Die Maschine wurde bereits im Dezember 2007 bei einer Auktion durch die „Deutsche Lufthansa Berlin-Stiftung“ (DLBS) erworben und ab November 2008 restauriert. Dies fand zunächst am Auburn-Lewiston Municipal Airport (LEW) im US-Bundesstaat Maine statt. Dazu wurden auch unter anderem Teile der im südafrikanischen South African Airways Museum ausgestellten ZS-DVJ sowie zweier weiterer Starliner (Kennungen: N974R und N8083H) verwendet. Im Jahre 2018 wurde die Verlegung der demontierten Maschine nach Deutschland geplant und so kam die Lockheed Ende 2019 verpackt in Containern im Hafen von Bremen an. Ende Februar 2021 wurden die Teile des Starliners zum Flughafen Paderborn Lippstadt (PAD) gebracht, sodass sie dort besser vor klimatischen Einflüssen geschützt waren. Via Tieflader begann Ende Oktober 2023 der Umzug nach Hamburg, um die Arbeiten an dem letzten Modell der Constellation-Baureihe des US-amerikanischen Herstellers Lockheed zu finalisieren.

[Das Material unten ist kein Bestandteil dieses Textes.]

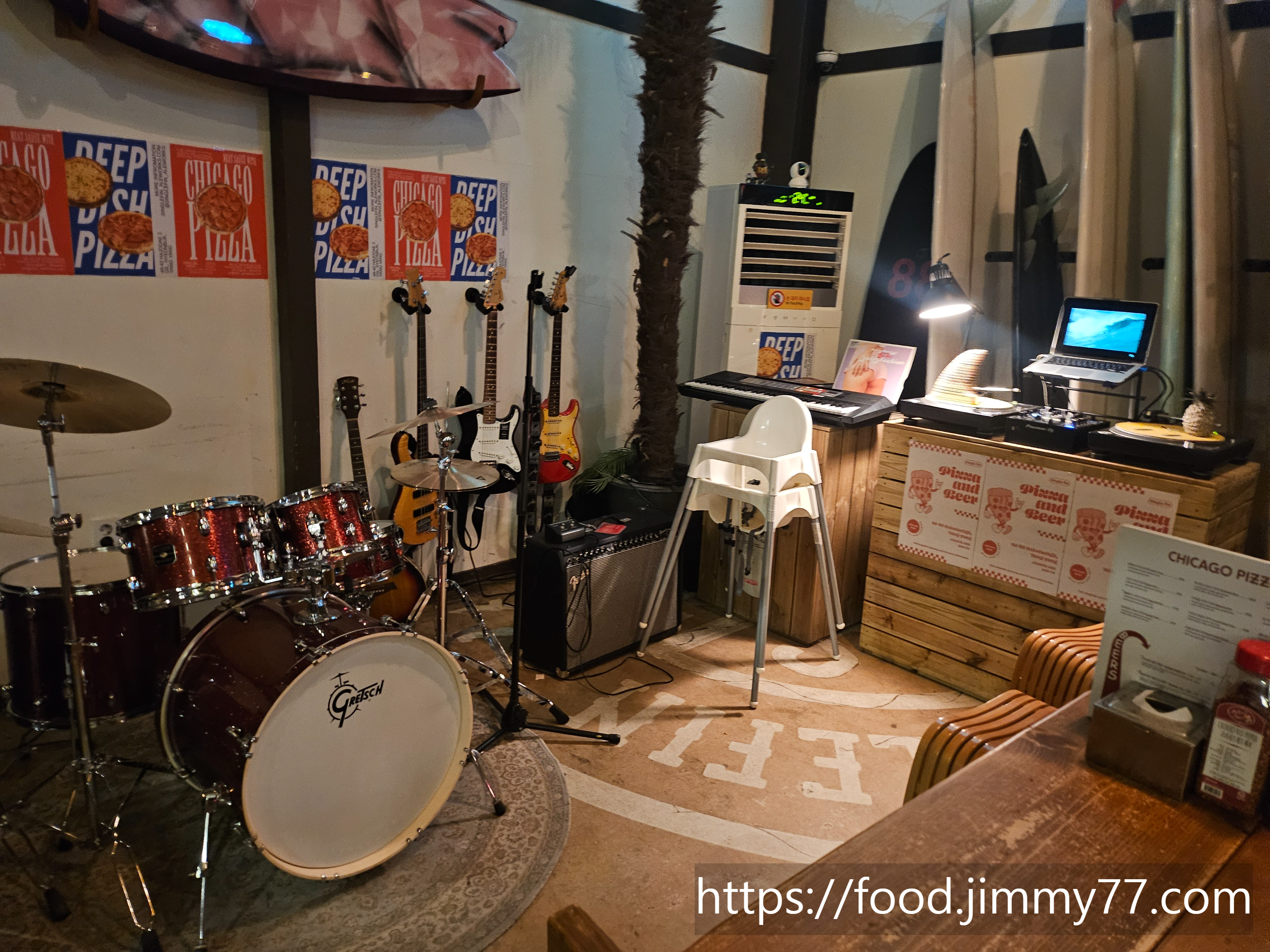 클래식 바이크와 올드카를 테마로 미국 정동의 시카고 피자를
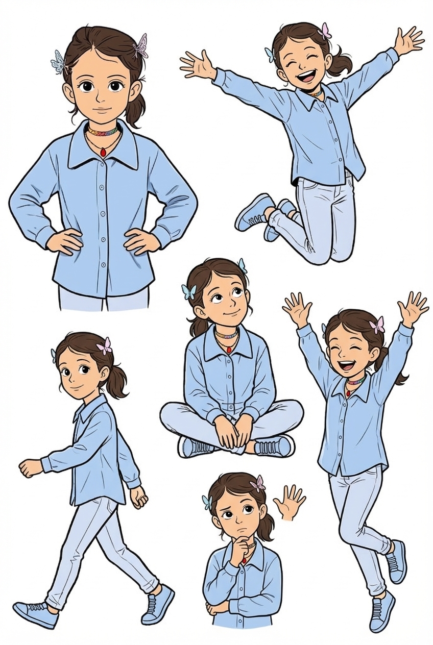 "Sprite sheet of a cheerful elementary-school girl character with light tan skin, large dark eyes, and medium brown hair in a low side ponytail with two butterfly hair clips (one light blue, one pink). She wears an oversized light blue button-up shirt with a large collar, slim pants, sneakers, a rainbow bead choker, and a small red pendant necklace. Layout: animation sprite sheet with multiple poses arranged in a grid. Poses: standing neutral, walking left, walking right, jumping, sitting cross-legged, waving, thinking, excited jump. Style: clean children’s book illustration, smooth line art, soft pastel colors, consistent proportions. White background, evenly spaced frames, full body visible in each frame, character centered in each cell., in Flat / Minimalist Art style"

Am heutigen Vormittag wurde die komplett zusammengebaute ehemalige N7316C von der Halle 4 zur Halle 15 auf der Lufthansa Technik Werftgelände geschleppt. Wohl ein letztes Mal, dass die Maschine auf ihrem eigenen Fahrwerk stehen wird bzw. rollt. Nach dem heutigen Event wird die Lockheed wieder auseinander gebaut und auf der Straße zeitnah ihre letzte Reise, via Münster/Osnabrück (FMO) zum Lackieren, nach Frankfurt (FRA) antreten. Die Odyssee des Starliners soll so zum 100. Geburtstag der Lufthansa im Frühjahr 2026 im neuen Konferenz- und Besucherzentrum der Lufthansa unter der Kennung D-ALAN als ausgestelltes Exponat enden. Dann ist die Lockheed auch von innen zu besichtigen unter anderem ausgestattet mit authentischen Vorhängen und Sitzen (allerdings auf Basis von Sitzen aus einem Airbus A340).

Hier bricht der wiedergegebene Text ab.